There are plenty of other things to catch up on, but I think I’ve gone on long enough for now, so I’d just like to take advantage of the season of goodwill to catch up on a few thank yous to everyone who has helped FIBO and Susannah and I through our fourth year running the Obs. First of all to all the FIBO staff (and we include the visiting RSPB researchers in this, as they feel very much like part of the FIBO team); we’ve seen our fair share of blood, sweat and tears this year but we’ve enjoyed having all of you here, we want to thank you for all your efforts and we’re glad we’ve made some friends who we'll hopefully stay in touch with well beyond our FIBO years. Also, to all our volunteers, we hope you enjoyed your stay as much as we enjoyed having you here and we look forward to seeing some of you here again. Technically also volunteers have been our various family and friends, particularly our parents, who have provided all manner of help when visiting us. Also falling into the category of volunteers are the FIBOT Directors and we want to thank you all again for your help during the year. The work that the Directors put into the successful running of the Obs, be it sorting finances, shifting vans or engines from Grutness, manning stands at Birdfairs, running research projects or just answering our enquiries about everything from petrels to people carriers, is very much appreciated (and a special thank you to Roger Riddington, who stood down as Chairman this year). We also appreciate the support given to us by JNCC, SNH, SOTEAG  and the Seabird Group. The Fair Isle community is a unique group of people and it’s obvious to say that FIBO couldn’t run the way we do without their support, so thank you to everyone on the island, especially those who have answered our calls for help during the course of the year. Of course, without all of you who support the Obs by visiting, being members of FOFI or sending donations, there wouldn’t be a FIBO, so the biggest thanks is due to you. Personally, I have to thank Susannah as well (and not just for the Shorelark!); running an increasingly busy Obs (it was another record year for visitor numbers) and looking after me and the kids isn't easy (in fact, I reckon it must be the hardest job at the Obs) but she does it very well, as I'm sure anyone who has visited us will agree with. Thanks love.
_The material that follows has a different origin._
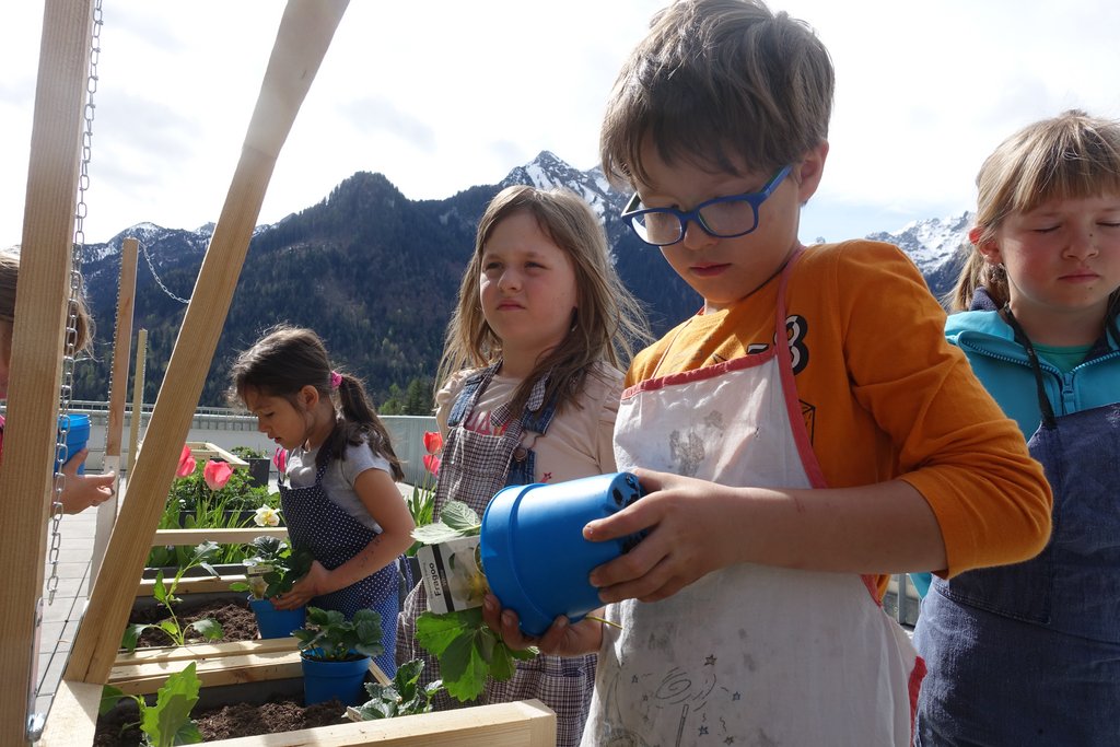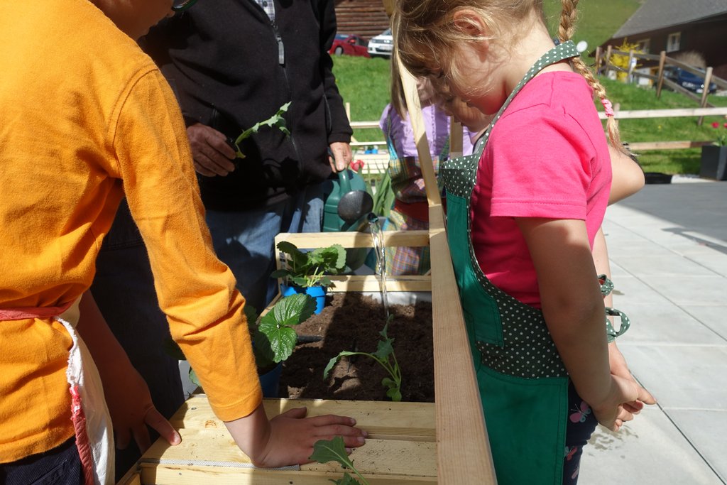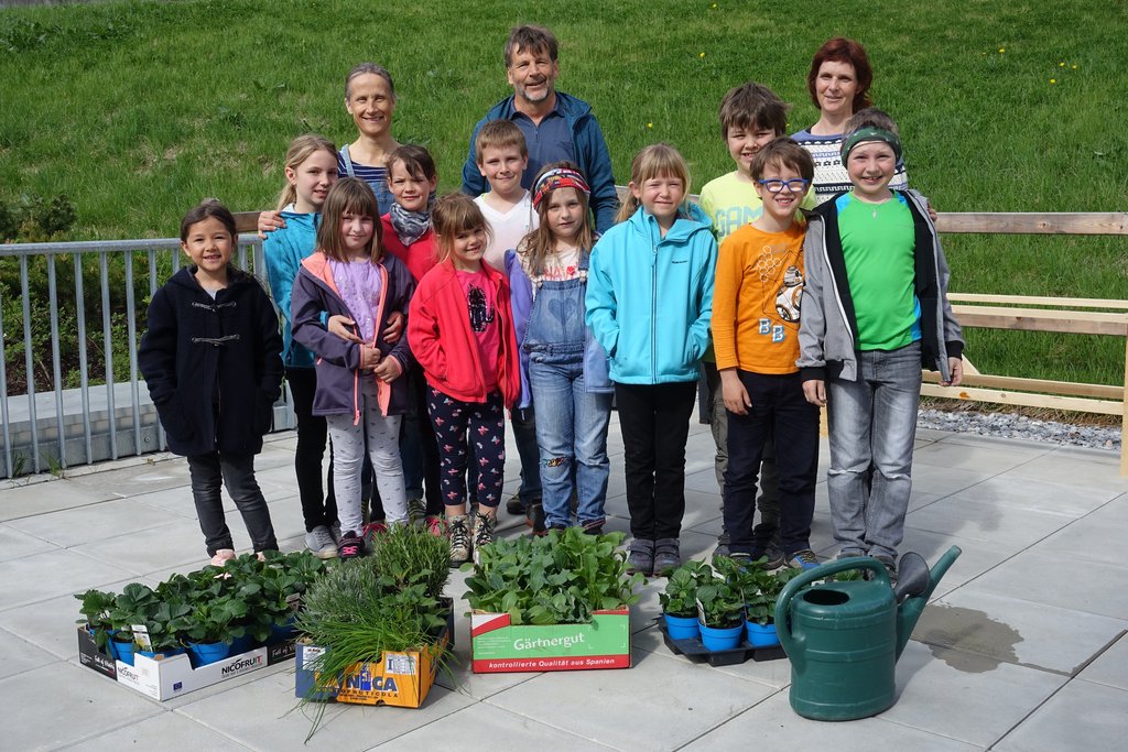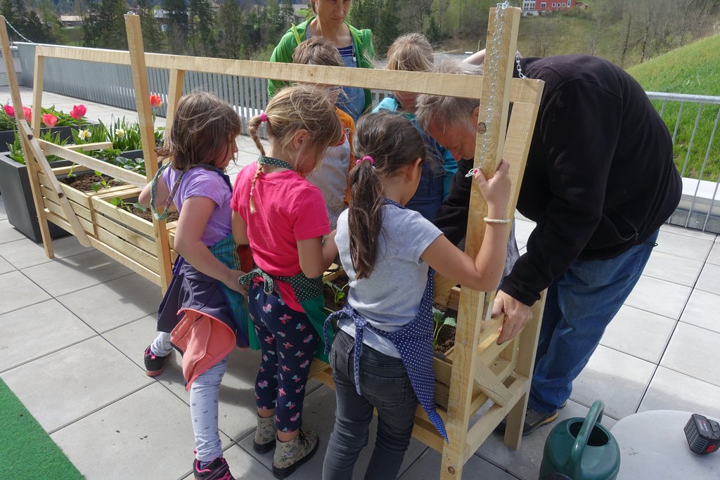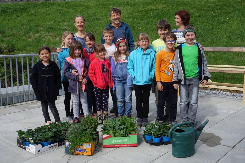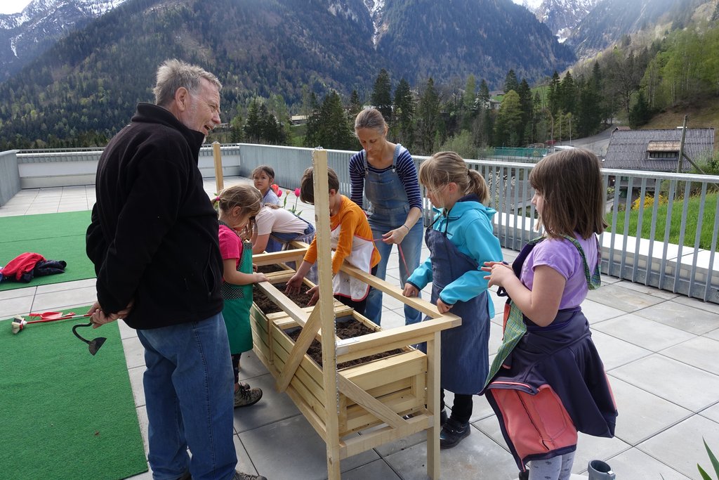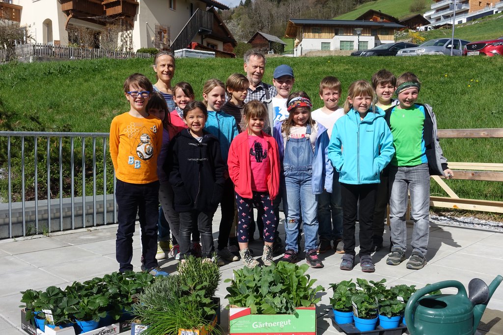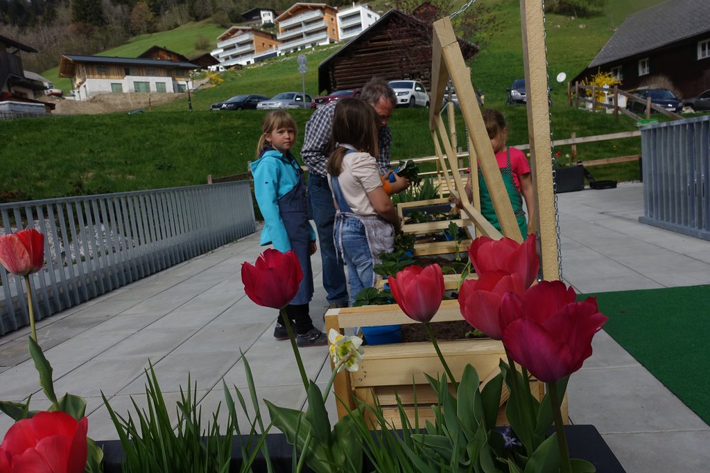 Am 24. April war es soweit, die Holzkisten wurden von den Kindern mit Hilfe von Franz Meyer bepflanzt. Nach einer kurzen Einleitung von Franz, ging es mit großer Freude an die Versetzung der kleinen Pflanzen. Die Setzlinge, wie z.B. Erdbeeren, Kohlrabi, Rübli und einig mehr, bekamen ihren Platz in der Holzkiste. Auch die Gießkanne kam zum Einsatz und manches Kind kam auch noch einen Wasserspritzer ab. Die Kinder hatten großen Spaß dabei. Wir bedanken uns bei der Direktion und Lehrerinnen der Volksschule und der Gemeinde Bürserberg für die Unterstützung der Aktion "MI KISCHTA GÄRTLE". DANKE
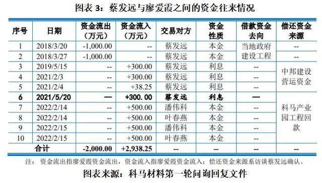 作为中邦建设的实控人,蔡发远还曾于2018年3月向科马材料的实控人廖爱霞借款2000万元。2022年以后,蔡发远由于资金压力较大,未再继续支付借款利息,并于2022年2月通过中邦建设员工叶春燕、潘伟科归还2000万元本金,资金来源同样为科马产业园工程回款。

A busy year, but a fun one, for us, the Obs team, visitors and islanders, with plenty of highlights all round (photo: Ciaran Hatsell).
So now the shortest day has passed, we’re finally getting caught up with the office work and our thoughts are turning to the rapidly approaching 2015. Staff and volunteer vacancies are now up on this very blog if you’d like to join us as part of the team next season (although note that we’re out of the office until 5th January, so we’ll not be able to answer emails until then), but for now, Merry Christmas and a Happy New Year, may all your birding in 2015 be fun. 
Christmas is coming, the Tundra Bean Geese are getting fat (well, they've been lingering on the island for over a month now and seem to be doing quite well, although numbers have dropped from 13 to 9 this week).